(Beginning of Records provided)

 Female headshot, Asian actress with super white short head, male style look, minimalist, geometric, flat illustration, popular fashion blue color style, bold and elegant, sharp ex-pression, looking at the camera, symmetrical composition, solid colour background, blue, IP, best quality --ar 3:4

(End of Records provided)
(Beginning of Records provided)

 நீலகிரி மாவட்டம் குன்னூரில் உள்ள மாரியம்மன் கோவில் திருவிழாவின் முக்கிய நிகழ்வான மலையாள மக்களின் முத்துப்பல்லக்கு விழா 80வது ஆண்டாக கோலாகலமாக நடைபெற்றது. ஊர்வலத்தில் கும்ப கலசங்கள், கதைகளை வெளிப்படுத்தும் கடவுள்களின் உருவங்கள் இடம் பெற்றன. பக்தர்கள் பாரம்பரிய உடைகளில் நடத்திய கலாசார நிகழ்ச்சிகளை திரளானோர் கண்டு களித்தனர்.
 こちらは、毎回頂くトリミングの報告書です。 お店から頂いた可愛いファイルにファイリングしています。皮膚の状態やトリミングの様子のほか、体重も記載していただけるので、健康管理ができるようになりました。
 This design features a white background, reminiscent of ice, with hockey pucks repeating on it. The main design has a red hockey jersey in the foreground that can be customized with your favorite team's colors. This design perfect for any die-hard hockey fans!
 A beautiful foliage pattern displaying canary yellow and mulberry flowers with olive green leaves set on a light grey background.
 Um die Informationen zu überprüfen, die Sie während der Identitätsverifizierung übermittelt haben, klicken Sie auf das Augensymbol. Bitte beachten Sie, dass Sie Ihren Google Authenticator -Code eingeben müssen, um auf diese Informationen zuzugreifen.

(End of Records provided)

Directions for this task >>
An exact copy of the lines above, from the one containing "This design features" through the one containing "A beautiful foliage", is the whole of the answer.

Response to this exercise >>
 This design features a white background, reminiscent of ice, with hockey pucks repeating on it. The main design has a red hockey jersey in the foreground that can be customized with your favorite team's colors. This design perfect for any die-hard hockey fans!
 A beautiful foliage pattern displaying canary yellow and mulberry flowers with olive green leaves set on a light grey background.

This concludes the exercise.